Requirement.
Every line of the listing should be retyped exactly, but none of the pictures should be.

Raw data.
§

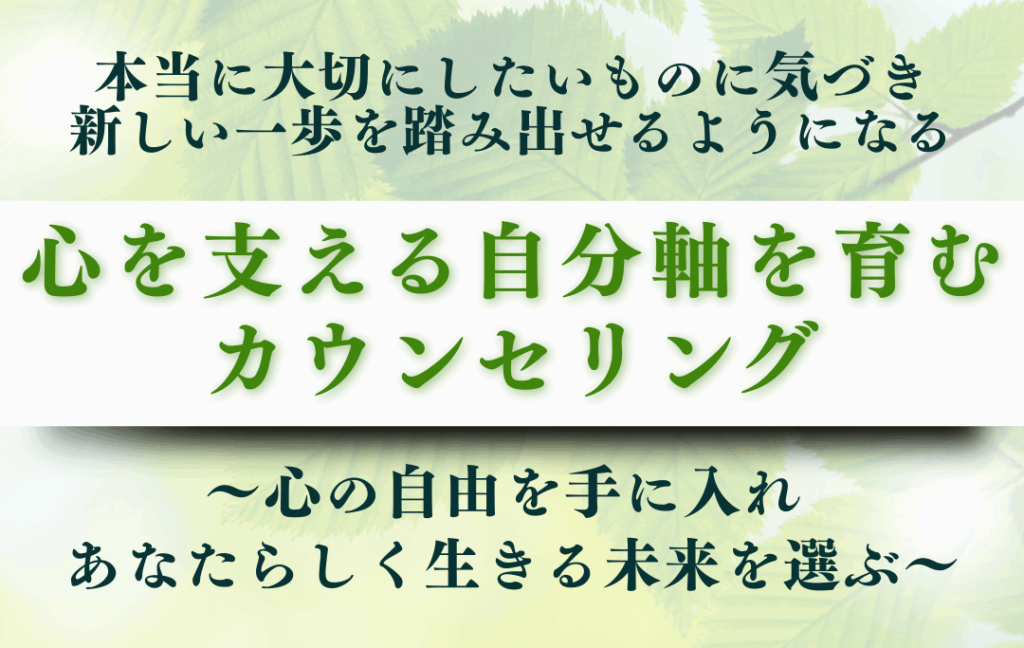 「心を支える自分軸を育むカウンセリング」では、潜在意識を活用して、あなたが本当に大切にしたいものに気付き、ありのままの自分を認められ、『自分軸』であなただけの新しい一歩を踏み出すことができるようになります。
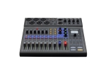 Цифровий мікшерний пульт для подкастів і музики, 6 комбінованих мікрофоннних/лінійних входів XLR/TRS 1/4" + 2 стерео лінійних входи TRS 1/4", фантомне живлення +48В, обрізний фільтр НЧ (75 Гц), перемикач Hi-Z / Pad на вхідних каналах, 3-смуговий еквалайзер на кожному каналі, майстер вихід 2 х XLR (балансні) / TRS 1/4" + 3 моніторних виходи TRS 1/4", вбудований процесор ефектів 8 програм, вбудований багатоканальний рекордер на SD карту, USB-аудінтерфейс для DAW 12in/4out, можливість підключення до iOS пристроїв в якості аудіоінтерфейсу, 6 назначуваних педів для запуску відтворення звуків, 7 користувальницьких сцен, робота від USB-A блоку живлення або 4хAA батарейок, 268 х 282 х 74 мм, вага 1,56 кг. У комплекті поставляється кабель TRRS (підключення до мобільних пристроїв в якості гарнітури для інтерв'ю).
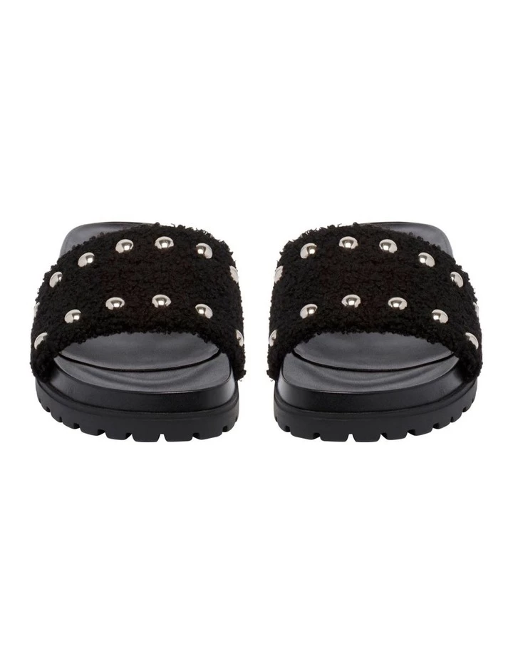Feel fun, funky and fancy in the Freely Sandal. This flat summer slide has a sturdy and chunky sole adding an element of depth into this favourite summer slide silhouette. The cosy texture of the wide band across the vamp and toes together with its rounded stud embellishments create an on-trend and fashionable characteristic to this everyday summer staple. The comfortable footbed of Freely means this sandal is the ideal summer companion to transition you from brunch to beach.

§

Task output.
 「心を支える自分軸を育むカウンセリング」では、潜在意識を活用して、あなたが本当に大切にしたいものに気付き、ありのままの自分を認められ、『自分軸』であなただけの新しい一歩を踏み出すことができるようになります。
 Цифровий мікшерний пульт для подкастів і музики, 6 комбінованих мікрофоннних/лінійних входів XLR/TRS 1/4" + 2 стерео лінійних входи TRS 1/4", фантомне живлення +48В, обрізний фільтр НЧ (75 Гц), перемикач Hi-Z / Pad на вхідних каналах, 3-смуговий еквалайзер на кожному каналі, майстер вихід 2 х XLR (балансні) / TRS 1/4" + 3 моніторних виходи TRS 1/4", вбудований процесор ефектів 8 програм, вбудований багатоканальний рекордер на SD карту, USB-аудінтерфейс для DAW 12in/4out, можливість підключення до iOS пристроїв в якості аудіоінтерфейсу, 6 назначуваних педів для запуску відтворення звуків, 7 користувальницьких сцен, робота від USB-A блоку живлення або 4хAA батарейок, 268 х 282 х 74 мм, вага 1,56 кг. У комплекті поставляється кабель TRRS (підключення до мобільних пристроїв в якості гарнітури для інтерв'ю).
Feel fun, funky and fancy in the Freely Sandal. This flat summer slide has a sturdy and chunky sole adding an element of depth into this favourite summer slide silhouette. The cosy texture of the wide band across the vamp and toes together with its rounded stud embellishments create an on-trend and fashionable characteristic to this everyday summer staple. The comfortable footbed of Freely means this sandal is the ideal summer companion to transition you from brunch to beach.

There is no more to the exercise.